This will prettify the .db file and output the results to output.txt (you can change that by passing a -o <filename> argument). The output is plain-text, so you can search the required field/method by its fully qualified name.

Usage

Analysis in etanolx requires 3 arguments. First is the name of the directory containing the class files (which will be searched recursively) or the path to the .jar file. Second is the sources, which are outputs of previous analyses, and the third is the output destination of the current analysis. All 3 are expanded on below.

Analysis target

Analysis in etanol proceeds by first loading the classfiles for analysis. Currently, you can either specify a directory or a .jar file. However you can also control how etanol works with them (both of which are externally similar, except, possibly, for performance improvements).

Etanol can work in two different ways at present.

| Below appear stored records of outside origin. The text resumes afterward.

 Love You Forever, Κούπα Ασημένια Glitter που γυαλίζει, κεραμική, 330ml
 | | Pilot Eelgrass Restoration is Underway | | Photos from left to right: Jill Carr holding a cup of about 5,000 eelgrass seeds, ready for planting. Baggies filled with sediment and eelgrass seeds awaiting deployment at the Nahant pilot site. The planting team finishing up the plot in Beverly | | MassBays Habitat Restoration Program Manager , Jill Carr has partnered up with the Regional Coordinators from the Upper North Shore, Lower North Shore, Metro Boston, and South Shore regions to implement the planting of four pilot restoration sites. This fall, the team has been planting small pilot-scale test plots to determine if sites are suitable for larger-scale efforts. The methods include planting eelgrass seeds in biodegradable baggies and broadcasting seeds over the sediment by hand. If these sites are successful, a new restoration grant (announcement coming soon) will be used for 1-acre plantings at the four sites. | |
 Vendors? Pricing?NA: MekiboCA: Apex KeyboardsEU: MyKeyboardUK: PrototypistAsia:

  1. Directory Backend, in which all its accesses are from a directory. In this mode, directories are kept as is, but jar files are expanded to temporary directories for analysis.

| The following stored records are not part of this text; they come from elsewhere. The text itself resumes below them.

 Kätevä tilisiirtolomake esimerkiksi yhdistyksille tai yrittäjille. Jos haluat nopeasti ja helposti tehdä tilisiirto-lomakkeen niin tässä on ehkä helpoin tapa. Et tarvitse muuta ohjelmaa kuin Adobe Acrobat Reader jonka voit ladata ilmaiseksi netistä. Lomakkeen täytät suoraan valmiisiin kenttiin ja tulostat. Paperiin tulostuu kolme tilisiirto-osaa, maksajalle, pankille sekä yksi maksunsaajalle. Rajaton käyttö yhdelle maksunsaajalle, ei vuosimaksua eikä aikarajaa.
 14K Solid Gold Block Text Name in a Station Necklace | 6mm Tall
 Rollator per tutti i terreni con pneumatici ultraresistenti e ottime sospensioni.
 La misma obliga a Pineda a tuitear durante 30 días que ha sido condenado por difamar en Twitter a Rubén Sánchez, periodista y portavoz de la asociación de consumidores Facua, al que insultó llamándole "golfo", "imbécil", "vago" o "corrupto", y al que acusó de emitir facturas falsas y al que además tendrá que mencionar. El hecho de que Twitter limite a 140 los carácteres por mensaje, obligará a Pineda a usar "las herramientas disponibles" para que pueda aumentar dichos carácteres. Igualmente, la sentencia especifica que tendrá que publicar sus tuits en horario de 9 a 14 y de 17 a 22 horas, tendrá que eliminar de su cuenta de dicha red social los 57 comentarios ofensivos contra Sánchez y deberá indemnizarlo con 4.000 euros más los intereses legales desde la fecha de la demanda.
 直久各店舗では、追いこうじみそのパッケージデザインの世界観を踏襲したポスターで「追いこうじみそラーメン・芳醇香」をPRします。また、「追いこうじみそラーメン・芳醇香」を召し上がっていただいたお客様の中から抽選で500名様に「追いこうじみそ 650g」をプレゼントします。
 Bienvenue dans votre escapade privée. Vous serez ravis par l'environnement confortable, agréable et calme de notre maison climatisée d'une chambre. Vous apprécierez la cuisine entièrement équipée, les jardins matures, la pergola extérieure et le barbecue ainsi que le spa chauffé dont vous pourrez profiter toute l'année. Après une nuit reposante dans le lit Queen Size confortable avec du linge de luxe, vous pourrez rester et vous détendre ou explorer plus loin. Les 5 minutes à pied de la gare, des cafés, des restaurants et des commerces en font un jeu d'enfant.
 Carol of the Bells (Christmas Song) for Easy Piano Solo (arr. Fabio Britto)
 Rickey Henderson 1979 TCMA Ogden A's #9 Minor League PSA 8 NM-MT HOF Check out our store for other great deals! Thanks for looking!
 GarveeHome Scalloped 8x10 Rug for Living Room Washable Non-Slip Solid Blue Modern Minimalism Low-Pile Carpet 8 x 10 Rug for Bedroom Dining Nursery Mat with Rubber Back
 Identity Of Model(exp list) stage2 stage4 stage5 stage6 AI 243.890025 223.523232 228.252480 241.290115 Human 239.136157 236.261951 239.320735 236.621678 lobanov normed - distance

  2. JAR Backend, in which the exact opposite is performed. Jar files are treated as is, but directories are compressed into JAR files before analysis. Although DirectoryBackend is default, you can change that in ~/.etanol/config. The default ~/.etanol/config is documented well, so doing that should be pretty easy.

Sources

It is often the case that the analysis target code depends on other libraries. You may have already analysed them previously, and want to pass the results of those analyses in for use during the current analysis. This can be done via the sources option. All analyses produce an output file containing the results of the analysis. You can pass these files in separated by space enclosing them in a string as follows

... -s "<source 1> <source 2> <source 3> ..." ...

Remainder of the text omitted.